Architect
- Company: Zonda Home
- Country: United States
- Language: English
- Website: www.architectmagazine.com

= Architect Magazine =

Magazine about architecture

Architect Magazine is the successor to Architecture, one of a series of periodicals published from before World War I by the American Institute of Architects.

==Overview==
This is the sixth (Note: Or seventh, because one title was reclaimed in 1929) iteration of a magazine about the field associated with American Institute of Architects and its members. This iteration stylizes their publication's name with a capital M: Architect Magazine, with Architectureal Design as a subtitle.
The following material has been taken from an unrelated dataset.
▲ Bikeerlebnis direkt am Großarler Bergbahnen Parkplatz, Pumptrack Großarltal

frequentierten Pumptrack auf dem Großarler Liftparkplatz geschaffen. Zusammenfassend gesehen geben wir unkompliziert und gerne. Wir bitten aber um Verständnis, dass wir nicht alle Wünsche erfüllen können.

At times, they run a series by a famous, award-winning architect; in 2007. One such series won an award. In 2014, they wrote about 1898-born Julia Morgan, a "Pioneering Female Architect" who, because she "was experienced in reinforced concrete as she was in European design," was chosen, in the aftermath of the 1906 San Francisco earthquake, to design the rebuilding of a major hotel.

==History==
The first of American Institute of Architectss periodicals was the Quarterly Bulletin. This was followed, beginning in 1913, by:
- Journal of the American Institute of Architects (through 1928)
- Octagon (1929-1994), at which point the above title was resumed, through 1957
- The American Institute of Architects Journal (AIA Journal)
- Architecture

As of when the last of these ceased publication (2006), the title was Architecture: The AIA Journal. The successor is not owned by but is affiliated with AIA, and uses their name on their masthead.

==Features==
In addition to running interviews with and articles about those in the field, be it in teaching about or doing, some of their articles go beyond the actual design work, such as labor conditions for their projects, both in non-Western countries and in the USA. They've covered other types of architectural disputes, including international ones such as regarding "the Eiffel Tower to temporarily alter its silhouette."